Salah satu keluhan yang diungkapkan para petani adalah mengenai bantuan bibit dari pemerintah yang sering kali tidak sesuai dengan kebutuhan dan waktu tanamnya “Kadang bantuan bibit yang datang sudah lewat musim tanamnya atau kadang yang datang tidak sesuai dengan permintaan merek dan kwalitas yang diharapkan, sehingga menyebabkan utang menumpuk, membuat kami rugi waktu, tenaga, dan uang karena hasilnya tidak maksimal bahkan nihil,” ujar salah satu perwakilan petani yang enggan disebut namanya.
Selain itu, ada juga kelompok tani yang merasa dianaktirikan karena belum pernah menerima bantuan sama sekali, sementara kelompok lain justru mendapat bantuan berulang kali. Hal ini menimbulkan kecemburuan dan rasa tidak adil di kalangan petani.
Masalah lain yang tak kalah penting adalah anjloknya harga hasil pertanian saat memasuki masa panen.

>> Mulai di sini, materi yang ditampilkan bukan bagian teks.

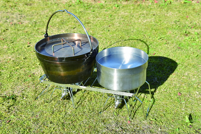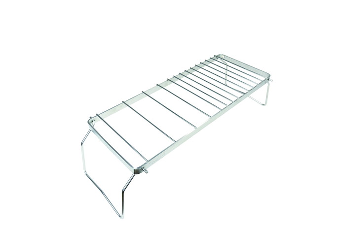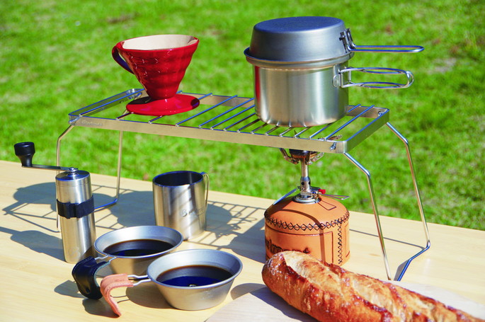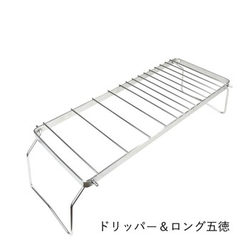 | | ドリッパースタンドとしても使える頑丈なオールステンレス製の五徳です。ドリップしながら同時に調理が出来る仕様になっています。各メーカーのドリッパーが使えるようグリル部分の間隔を変えてあるのもうれしいポイントです。大きい鍋をかけても安心な強度と耐久性がありながら、脚を折りたたんでコンパクトに収納できます。 脚を取り外してかまどの五徳として使ったり、焚き火台の上にのせて大きな鍋で調理ができます。 |

Para petani merasa dirugikan karena biaya produksi dan biaya hidup yang mahal tidak sebanding dengan hasil yang mereka peroleh. “Kami sudah berjerih payah mengeluarkan modal besar, tapi saat panen harga anjlok. Hutang kami jadi menumpuk,” keluh petani lainnya.
Menanggapi keluhan ini, seorang penyuluh pertanian yang tidak ingin disebutkan namanya menyampaikan “Kami sudah mengajukan permintaan sesuai keinginan petani, tapi entah mengapa yang datang terkadang tidak sesuai. Ini juga membuat kami heran sekaligus prihatin karena akhirnya petani yang menanggung kerugian,” katanya.

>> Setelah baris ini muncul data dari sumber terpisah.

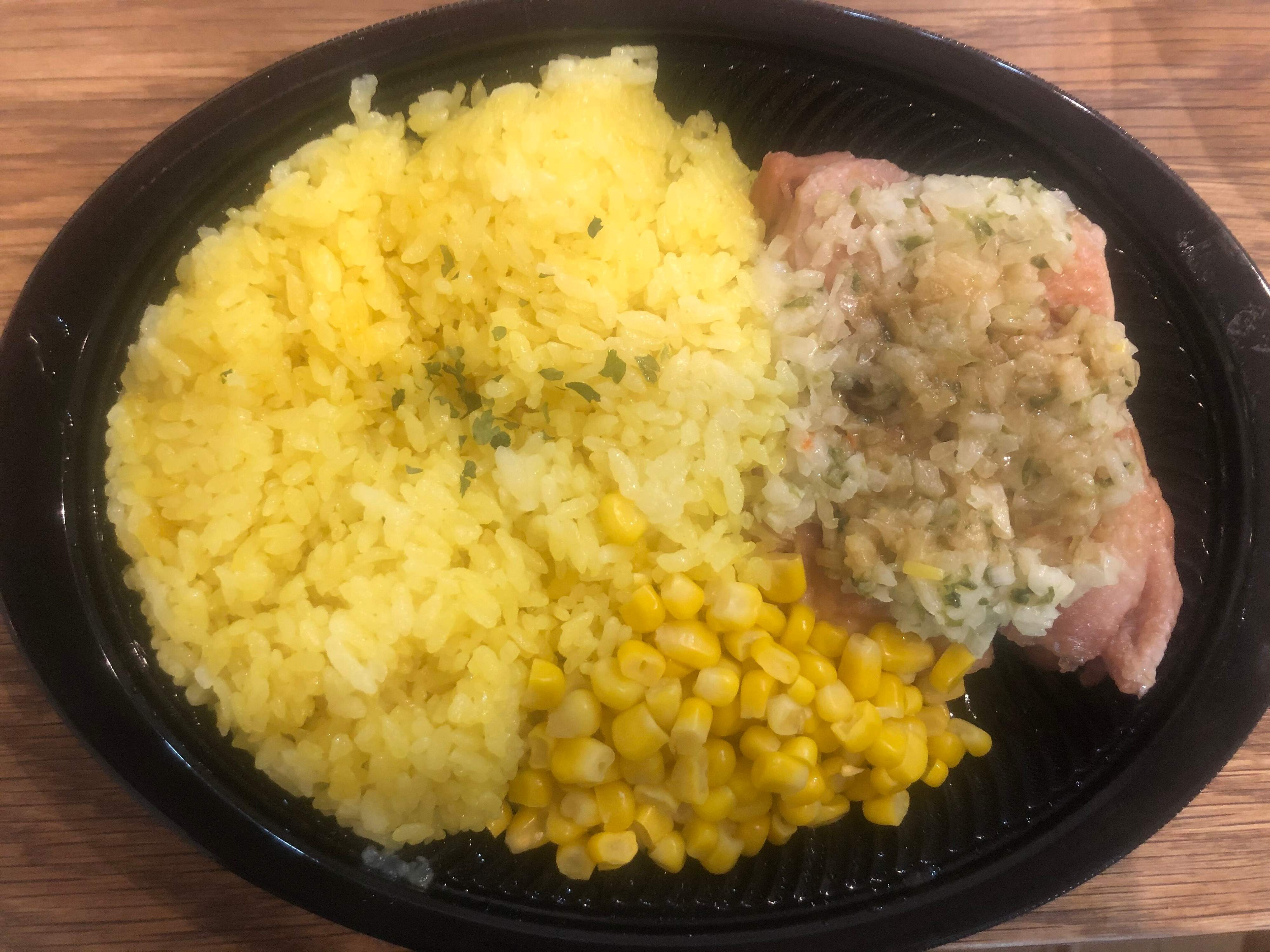 店内では「ハヤシ&ターメリックライス」で食べることのできるあの黄色いターメリックライスがたっぷり〜。コーンもどっさり入っていました。

Penyuluh juga mengeluhkan terkait kurangnya tenaga penyuluh dan adanya keterlambatan gaji, dari bulan januari hingga saat ini gaji kami belum juga dibayarkan sedangkan tuntutan pekerjaan diharapkan maksimal.

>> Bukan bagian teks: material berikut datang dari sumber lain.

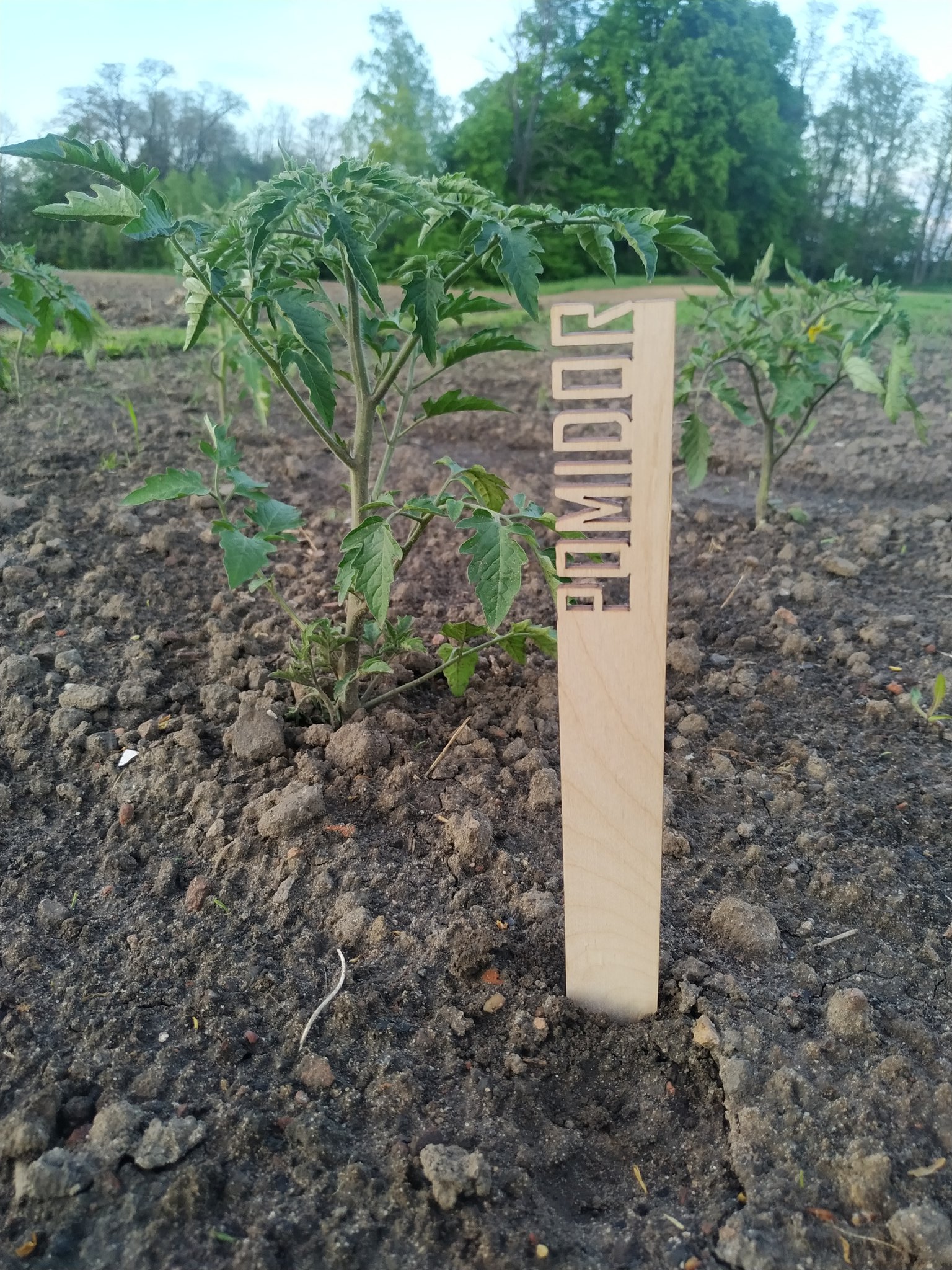 Oryginalna etykieta warzywna do oznaczania grządek warzywnych.

Sejumlah petani di Mangarabombang berharap pemerintah daerah dan dinas terkait dapat segera meninjau kembali kebijakan bantuan dan pemasaran. Mereka menginginkan adanya transparansi dan pendistribusian bantuan yang lebih adil, serta solusi konkret untuk menstabilkan harga hasil pertanian agar kesejahteraan petani dapat meningkat.